Nearly three years after the EU-U.S. Privacy Shield framework replaced the U.S.-EU Safe Harbor as a mechanism to transfer personal data from the European Union to the United States, the Federal Trade Commission (FTC) continues to monitor companies’ claims regarding participation. As we previously reported, the FTC has taken actions against several companies over the years for stating they were self-certified to the Privacy Shield framework when they either had never joined or when their certification had lapsed. Recently, the FTC settled with background screening company SecurTest, Inc over allegations that the company violated Section 5 of the FTC Act when it falsely claimed participation in the EU-U.S. Privacy Shield and identical Swiss-U.S. Privacy Shield frameworks.
According to the FTC’s complaint, SecurTest applied to the Department of Commerce (DOC) to participate in the Privacy Shield but never completed the process. Under the settlement terms, SecurTest must refrain from misrepresenting its participation in the Privacy Shield or any other privacy program sponsored by a government agency, self-regulatory organization, or standard.
The FTC also sent warning letters to 13 other companies that falsely claimed membership in the U.S.-EU Safe Harbor and U.S.-Swiss Safe Harbor frameworks, which no longer exist, and to two companies that stated they took part in the Asia-Pacific Economic Cooperation (APEC) Cross-Border Privacy Rules system when they didn’t. The FTC’s actions confirm the importance of assuring that claims about participation in the Privacy Shield or any other privacy program are made only when an application has been approved and certifications are current. All references to certification must be promptly deleted from privacy policies and other materials if a certification has lapsed.

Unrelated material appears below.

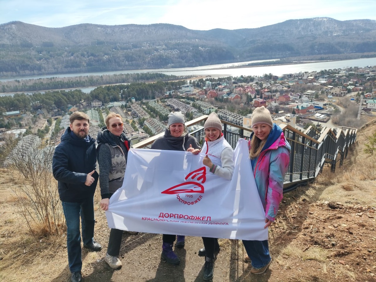 📆 Своё восхождение мы посвятили 89-й годовщине со дня выхода первого номера газеты «Красноярский железнодорожник», которая отмечается сегодня, 10 апреля, а также 120-летию Российского профессионального союза железнодорожников и транспортных строителей, которое состоится 21 апреля.

In its report to the European Parliament and the Council on the second annual Privacy Shield review conducted last year, the European Commission highlighted actions taken by the DOC and FTC, such as routine monitoring of companies for compliance and enforcement actions, and concluded that the United States continues to ensure that personal data transferred under the Privacy Shield meets EU adequacy criteria. The Commission reported that it will continue to monitor the effectiveness of the program and actions taken by the DOC and FTC. The validity of the Privacy Shield as an international data transfer mechanism will likely remain under scrutiny in both the U.S. and in Europe. But with some 4,000 companies now listed as certified on the DOC’s website, the Privacy Shield program remains a vitally important data transfer mechanism to many U.S. businesses. It is this very importance that means the FTC will continue to closely monitor adherence to assure that those claiming to be certified to the framework indeed meet the Privacy Shield criteria and that the program retains its integrity.